Роберт Люсин был вежлив, сдержан без обычной фамильярности.
Когда Перси спустился вниз, Роберт был один.
— Мы сегодня пообедаем вдвоем, — сказал Роберт Люсин, заметив, что Перси озирается в поисках Мишель. — Не возражаешь, если мы поедем в ресторан «Горфункель энд Сиифортс»? Это лучший на Аляске ресторан морской кухни. Как ты насчет рыбы и королевских крабов?

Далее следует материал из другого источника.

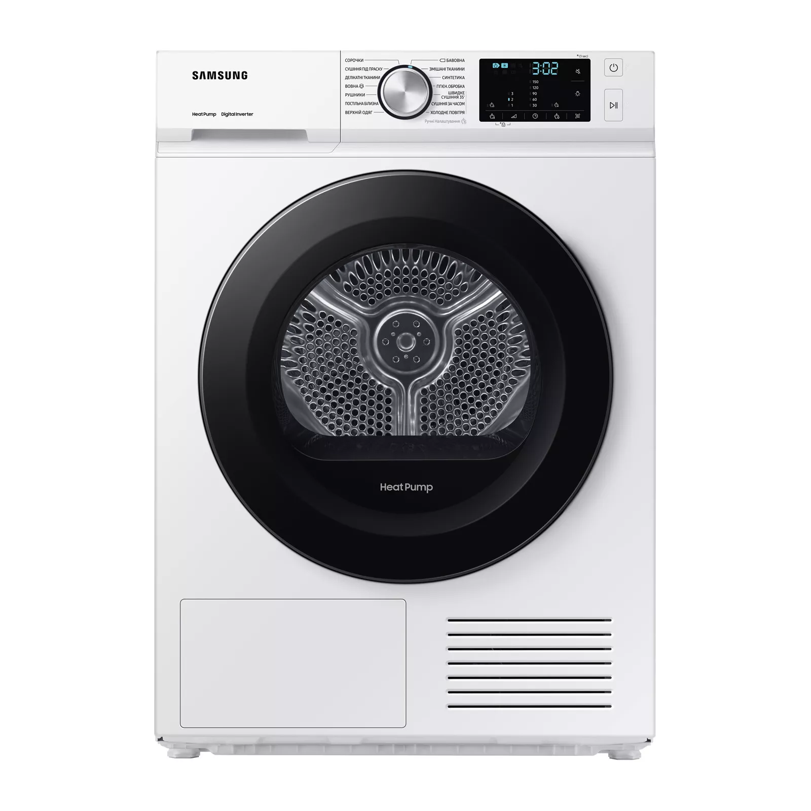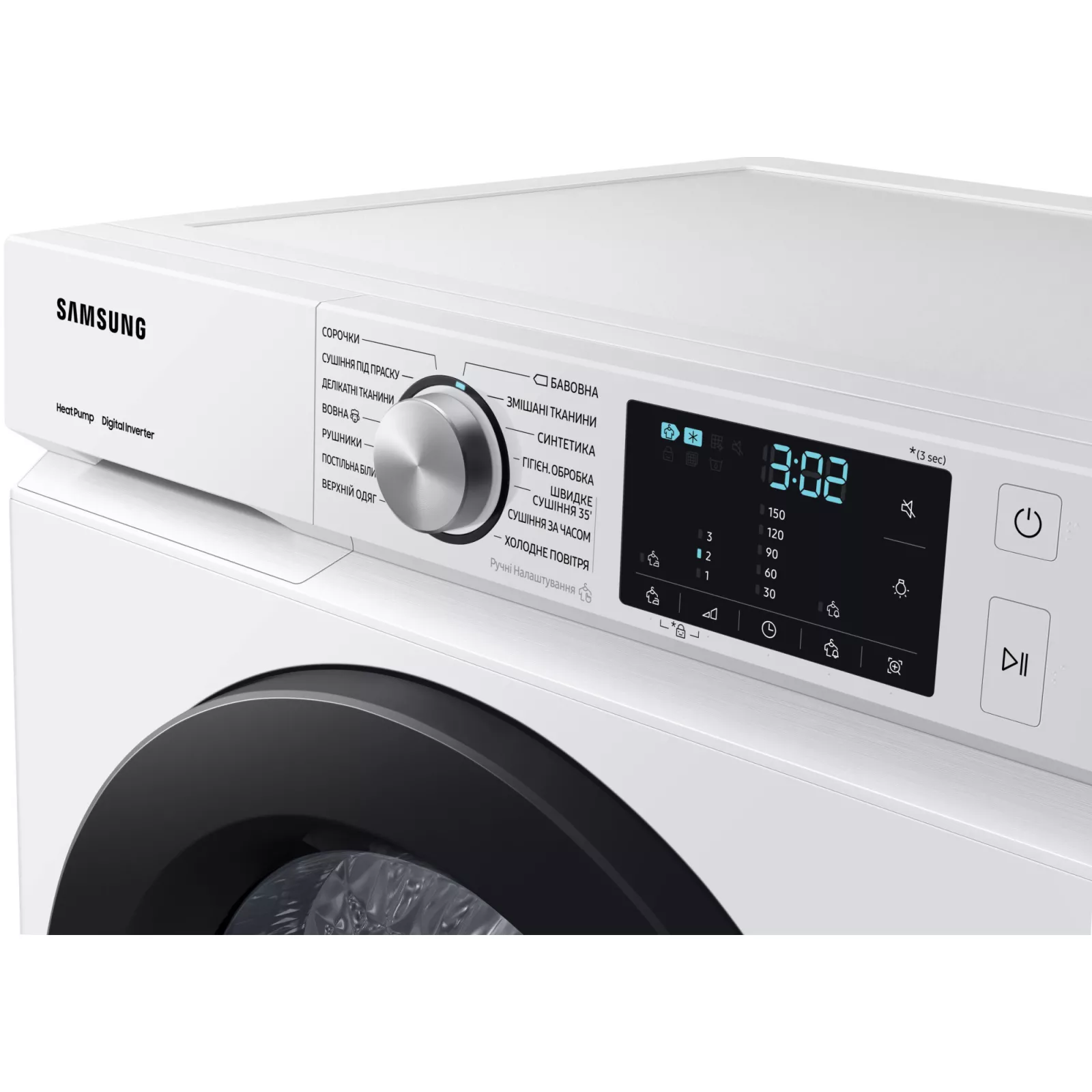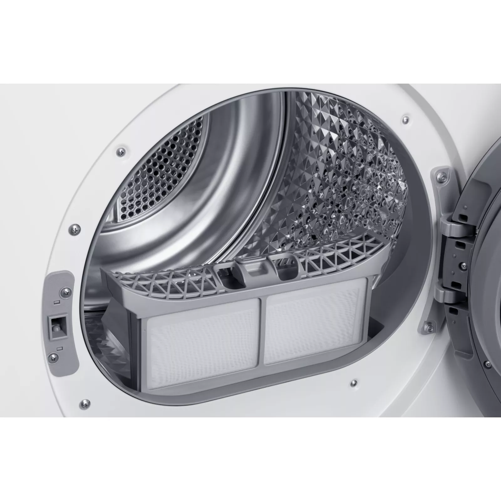 Сушильная машина с тепловым насосом, загрузка 9 кг, быстрая сушка, предотвращение замятия, подсветка барабана, Air Wash, система AI Control, инверторный двигатель.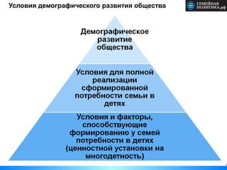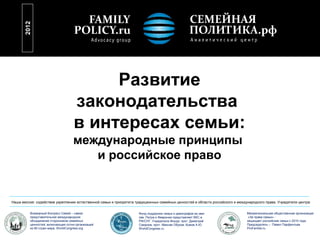 Документ обсуждает развитие законодательства в интересах семьи, акцентируя внимание на международных принципах и российских правовых нормах, защищающих семейные ценности. Подчеркивается важность естественной семьи как основы общества, а также необходимость законодательно ограничить вмешательство государства в семейные дела. Рассматриваются проблемы правоприменения в России и предлагаются меры для улучшения семейной политики на региональном уровне.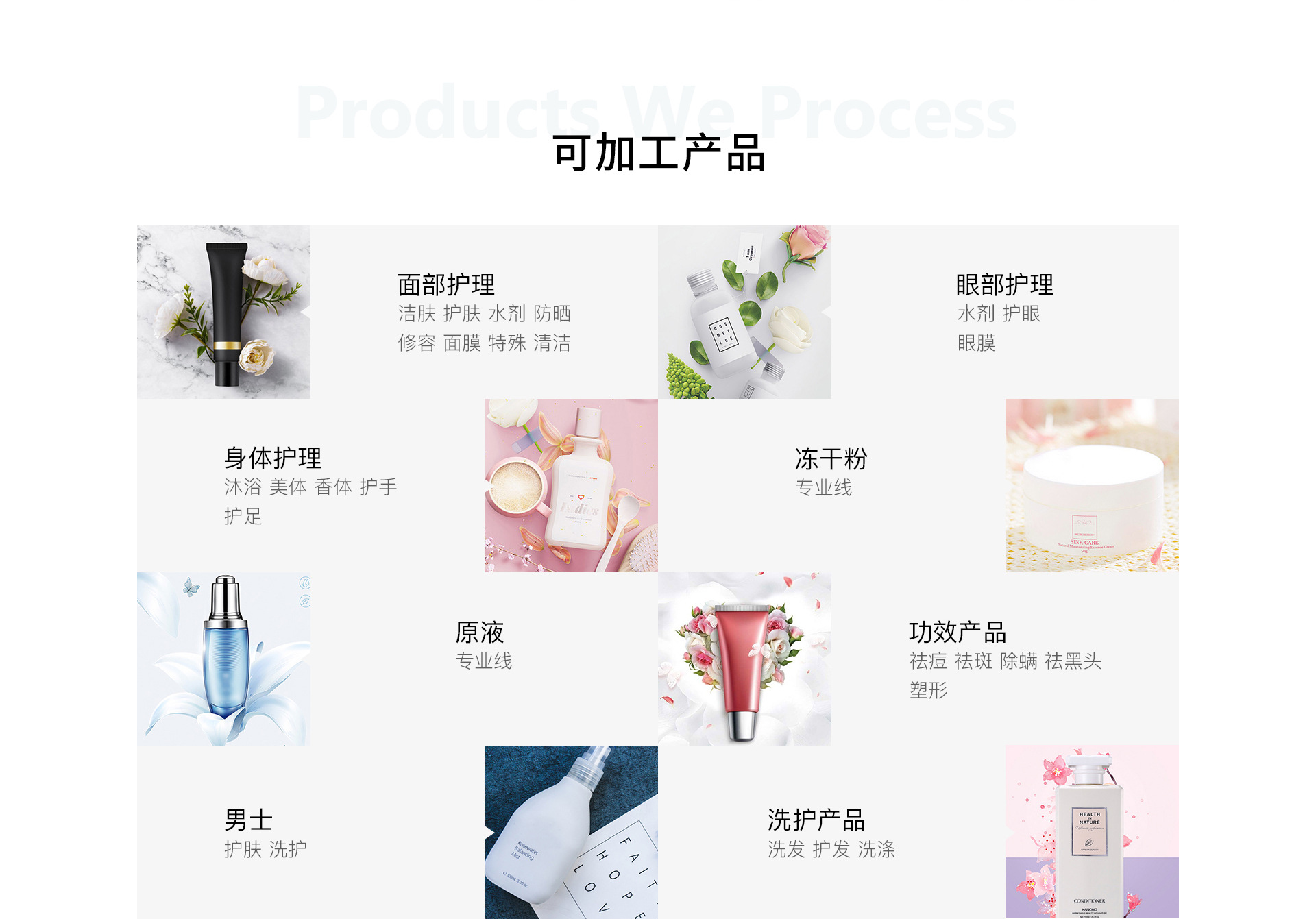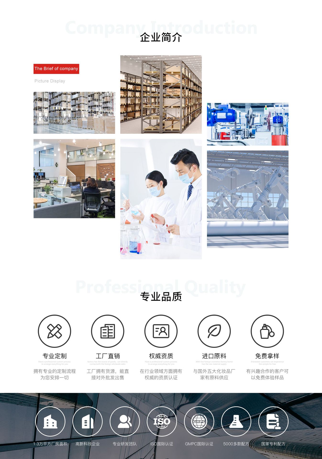 鑫龍化妝品廠是一家集化妝品研發、生產、銷售、服務于一體的大型化妝品公司,位于交通便捷、物流發達的廣東。提供專業化妝品加工OEM/ODM,天然植物精油加工,在行業內頗具口碑、影響力,曾協助國內外數百個化妝品 品牌成功上市。本公司擁有現代化的生產設備,GMP生產車間,先進的ERP企業管理體系,并組建了一支由資深美容科研發專家、醫學教授、博士等組成的精英研發隊伍。與廣東藥科大學化妝品研究中心核心成員強強聯手,引入高科技臨界萃取技術,將天然植物及中草藥有效成分應用于化妝品中,構建了集產品研發、項目服務、信息交流于一體的現代化研發體系,致力于為客戶提供好品質的產品。 一站式服務,協助您輕松擁有自己的化妝品品牌,設有專業化妝品加工品牌策劃部,傳媒廣告設計部,包材、原料采購部,產品研發中心。從策劃、設計、研發、采購、生產、出貨每一個環節均由本公司一體化,一站式精心打造。省去了您既找化妝品加工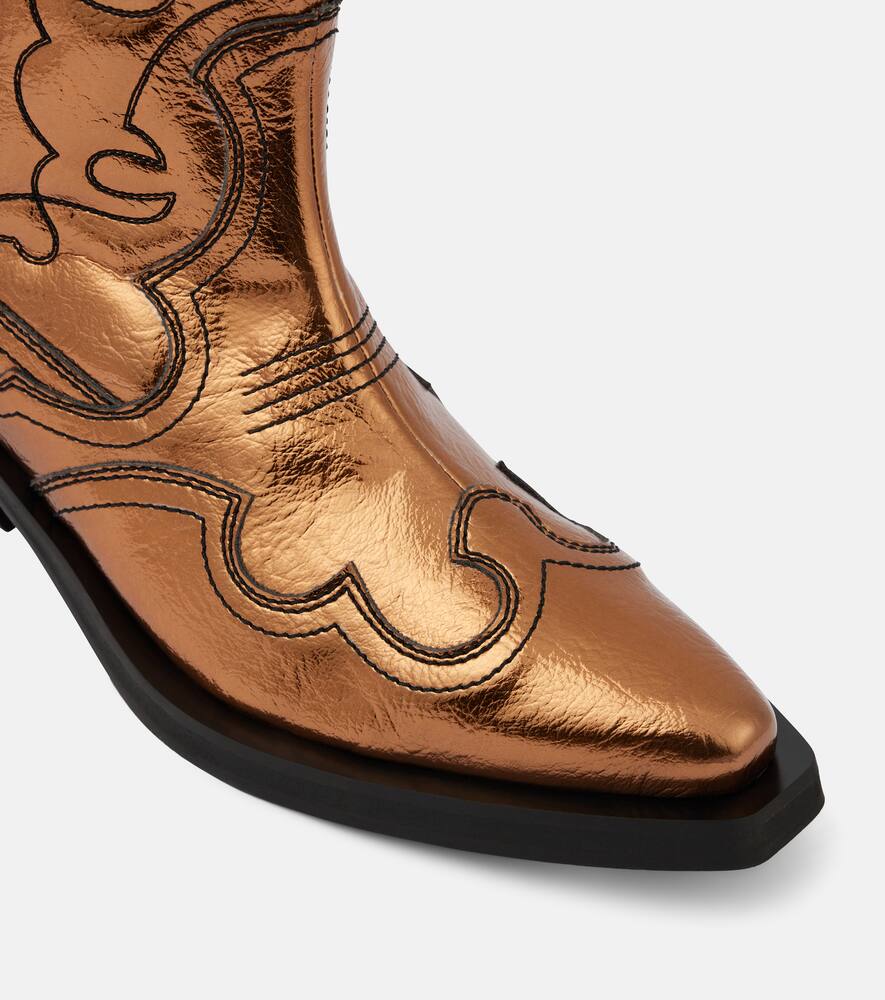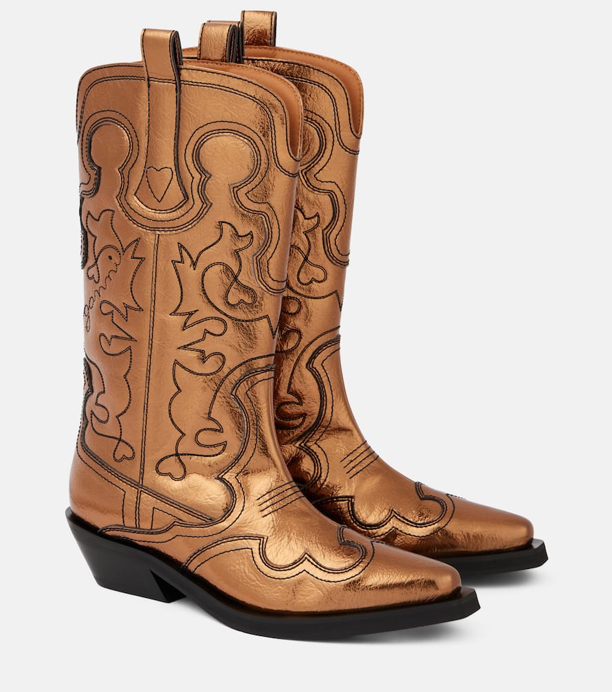 Upper: faux leather. Lining: faux leather. Sole: faux leather insole, rubber sole. Toe shape: pointed toe. Made in Portugal. Includes: shoe box, dust bag. Designer color name: Bronze. Shop the latest Ganni Mid-Heel Boots for women now.
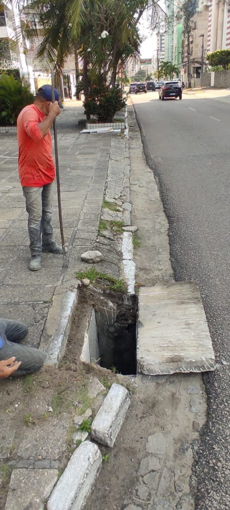 Os serviços na rede de drenagem continuam com limpeza, desobstrução e recuperação de galerias com remoção de entulhos, além de abertura de lançamentos nos bairros do Centro, Esplanada, Cabo Branco, Tambaú, Manaíra, Bessa, Engenho Velho, Mangabeira, Bancários e Bairro dos Novais.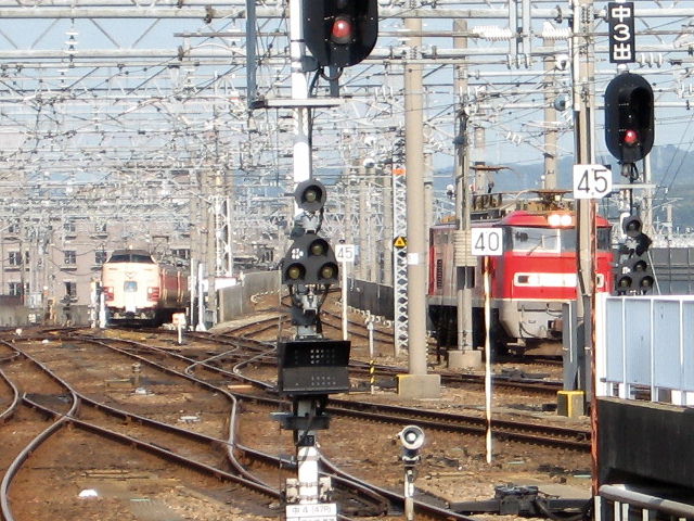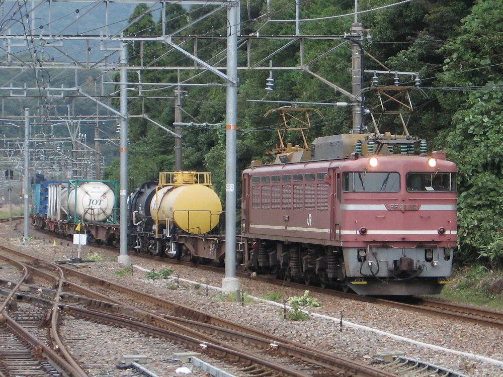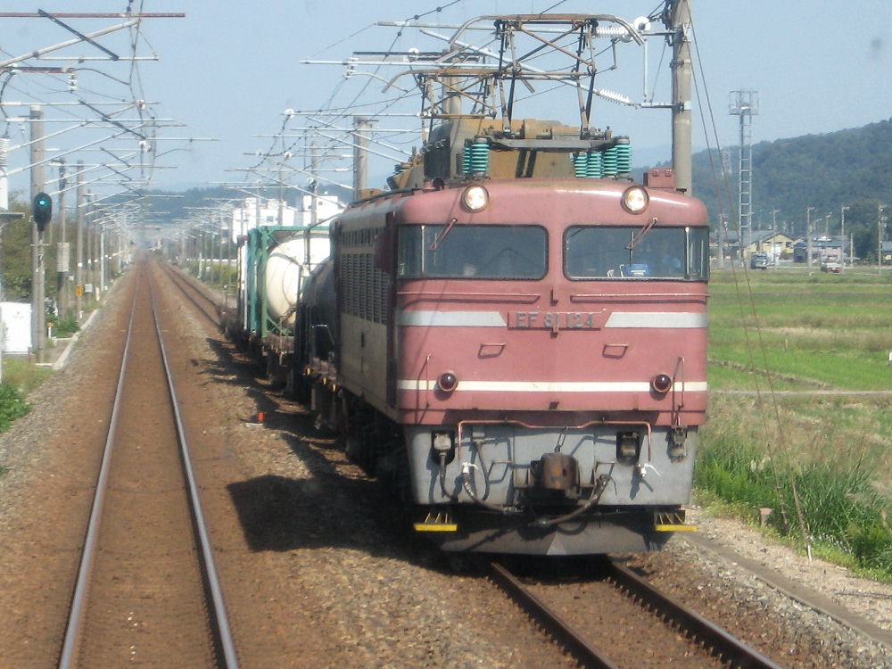 北陸といえば やはりEF81ですな。 「日本海」や「トワイライト・エクスプレス」の牽引も行ってます。 これは九州でもやりましたが、電車の中から撮りました^^ 九州で撮ったEF81は番号プレートが白枠で文字も白色でしたし、 ボディの表面処理も違います。 あれはスレンレスボディをピンクに塗装したものでした。 こちらはEF510かと・・・ 電柱の間で撮れるかなと思ったけど狭かった^^ EF81は、かなり古くなってきましたので、今後このEF510に 置き換わっていくのでしょう・・・ 今日、「JR西・広島地区のアルバム」つくりました^^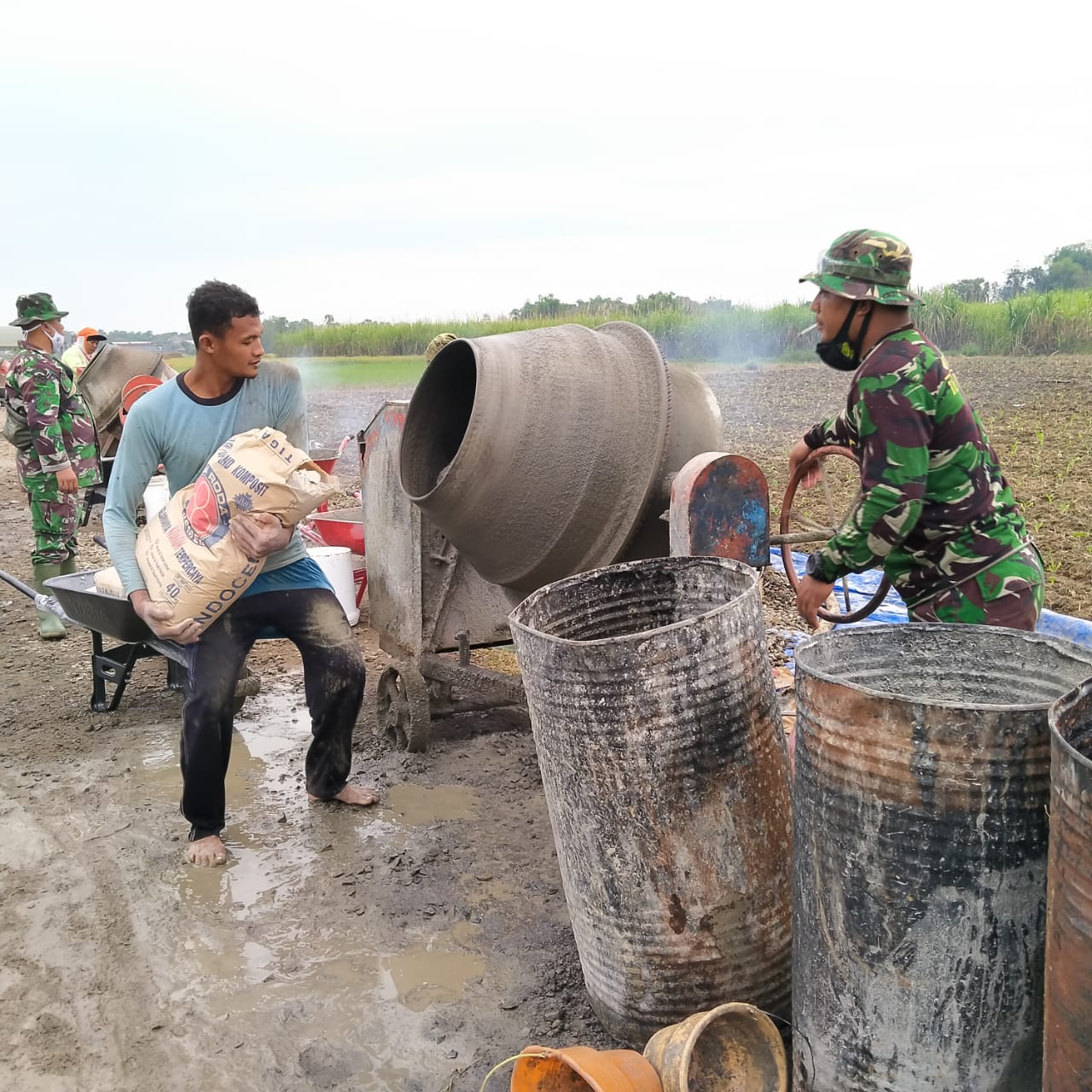 Pati – Cuaca yang panas dibawah terik matahari berdebu, berasap dan kebisingan alat mesin molen para Tim Satgas TMMD dan warga Desa Tamansari bersama-sama gotong royong penuh semangat melanjutkan pekerjaan dalam pengecoran jalan. Jumat,(25/06/2021).

— Согласен! — весело ответил Перси.
Несмотря на то, что у него, во всяком случае, на посещение хороших ресторанов было достаточно денег, Перси не умел по-настоящему выбирать вкусную, дорогую еду. Для этого, наверное, надо было родиться белым человеком с туго набитым бумажником.
Столик в ресторане был заказан заранее, и миловидная девушка в длинном зеленом платье провела гостей в зал, к большому панорамному окну с видом на залив Нортон.
Роберт Люсин долго выбирал вино, обнюхивал пробки, бракуя одну бутылку за другой, пока не остановился на каком-то особенном вине, по его словам, привезенном из Франции.